How financial advisors manage real (and perceived) market volatility

by Oct 9, 2019Advisor perspectives

While 2019 has not been atypically volatile, the market has had wild swings based on headlines surrounding trade policy, interest rates, and geopolitical events. How do advisors help guide clients through volatile markets—whether real or perceived?

Over the last 12 months, investors may have felt like they have seen remarkable bouts of market volatility, despite the fact that the CBOE VIX Volatility Index has experienced relatively few serious spikes. The most notable VIX event over this period was in December 2018, as the S&P 500 declined close to 20% from its prior highs.
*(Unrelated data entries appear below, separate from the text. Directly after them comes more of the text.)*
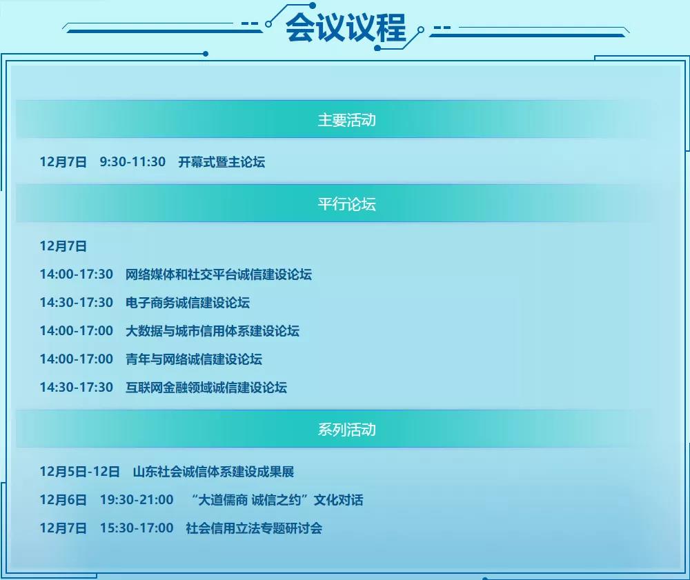 包括网络媒体和社交平台诚信建设论坛、电子商务诚信建设论坛、大数据与城市信用体系建设论坛、青年与网络诚信建设论坛、互联网金融领域诚信建设论坛。平行论坛拟安排领导致辞、主题演讲、圆桌对话活动。
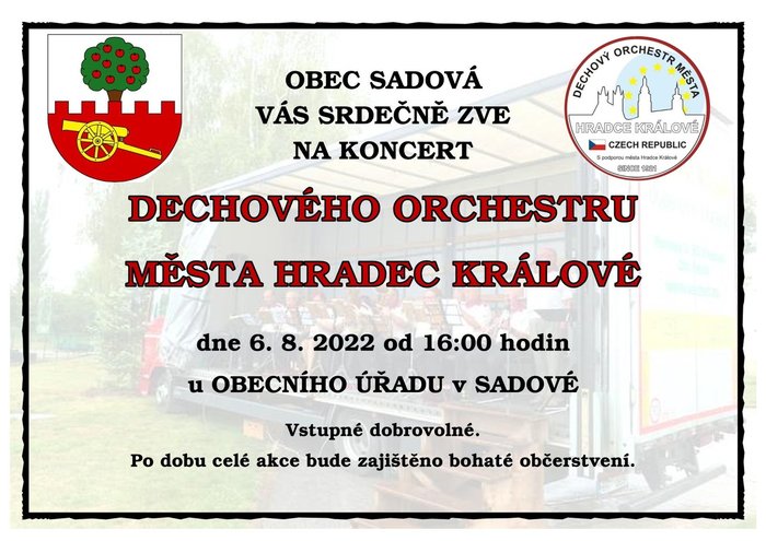 Úvod > Dění v obci > Novinky > POZVÁNÍ Dechovka a letní kino Sadová 6.8.2022
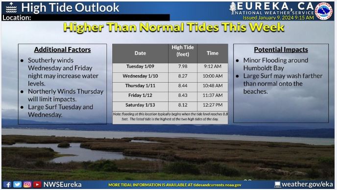 Perigean spring tides, the results of either a new or full moon, will be in effect beginning Jan. 9 through Jan 13. The highest tides are predicted for Thursday and Friday. The north spit tide gauge prediction is for a high tide of 8.44 feet at 10:48 a.m. Thursday morning and 8.43 feet at 11:37 a.m. Friday morning. Minor coastal flooding around Humboldt Bay is possible and large surf may wash farther than normal onto the beaches.
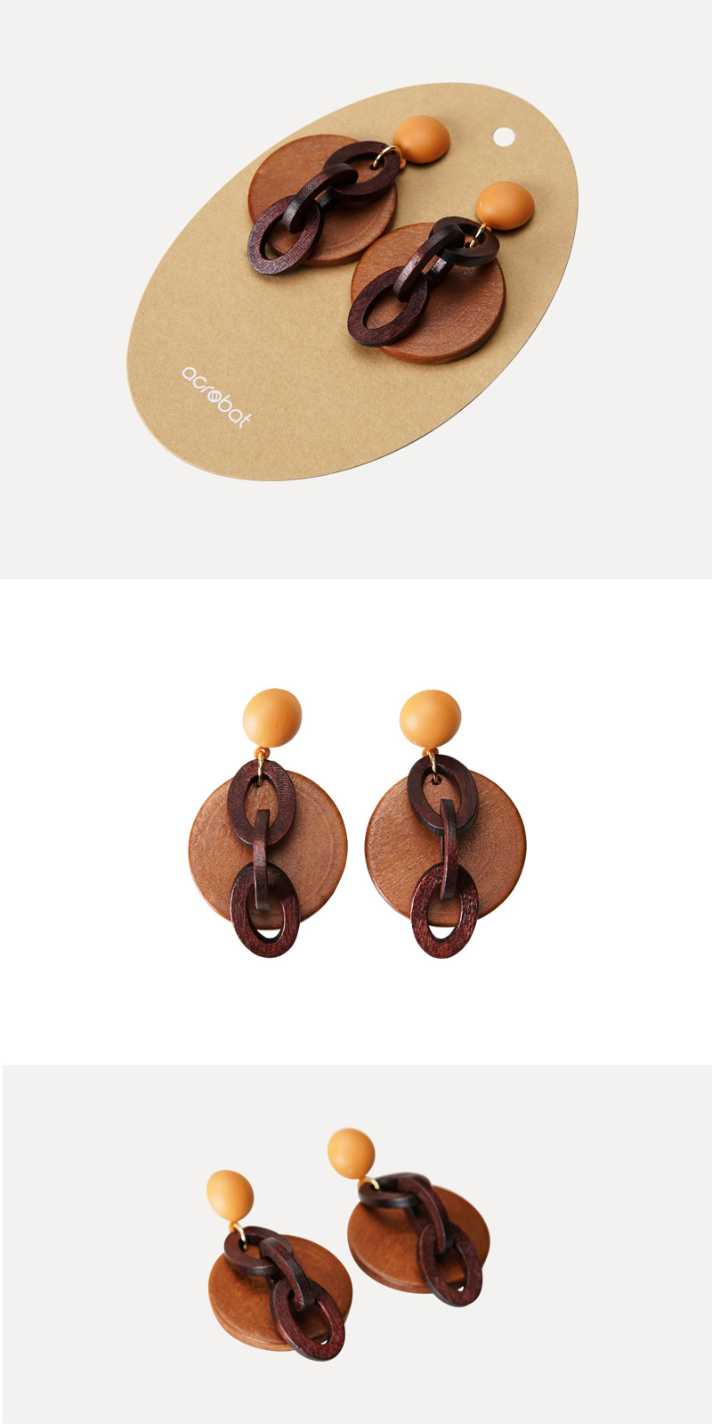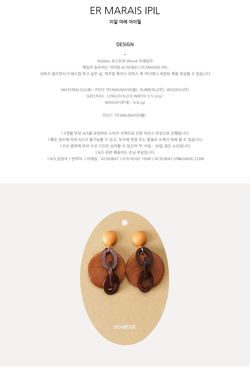 l Rubber 포스트와 Wood 프레임의 매칭이 돋보이는 이어링 ACROBAT ER MARAIS IPIL. 과하지 않으면서 드레스업 하고 싶은 날, 캐주얼 룩이나 오피스 룩 어디에나 세련된 룩을 완성할 수 있습니다.
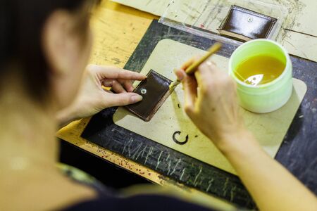 brunette woman smearing with glue a part of a purse with a brush on the wooden table. manufacturing process. close-up photo

Source: Yahoo Finance, CBOE

Bespoke Investment Group has recently noted that the market’s many gyrations have been within a relatively narrow range for several months, similar to some past market periods:

“In the chart (Figure 2), we strip away the daily price action of the S&P 500 and only show the index’s 200-day moving average (DMA). Looking at things this way shows how despite the wide swings we have seen over the last year or more, the S&P 500’s 200-DMA has been in a tight range for well over a year. Not only that, but the current consolidation period looks awfully similar to prior consolidation periods that we saw back in 2011/2012 and 2015/2016.

“What’s notable about this period and the prior two is that each time, the spread between the S&P 500’s 200-DMA 52-week high and low has been less than 3%. … While there have now been three periods in the last ten years where the one-year range of the S&P 500’s 200-DMA was less than 3%, prior to that there were only four other periods going all the way back to the late 1920s.”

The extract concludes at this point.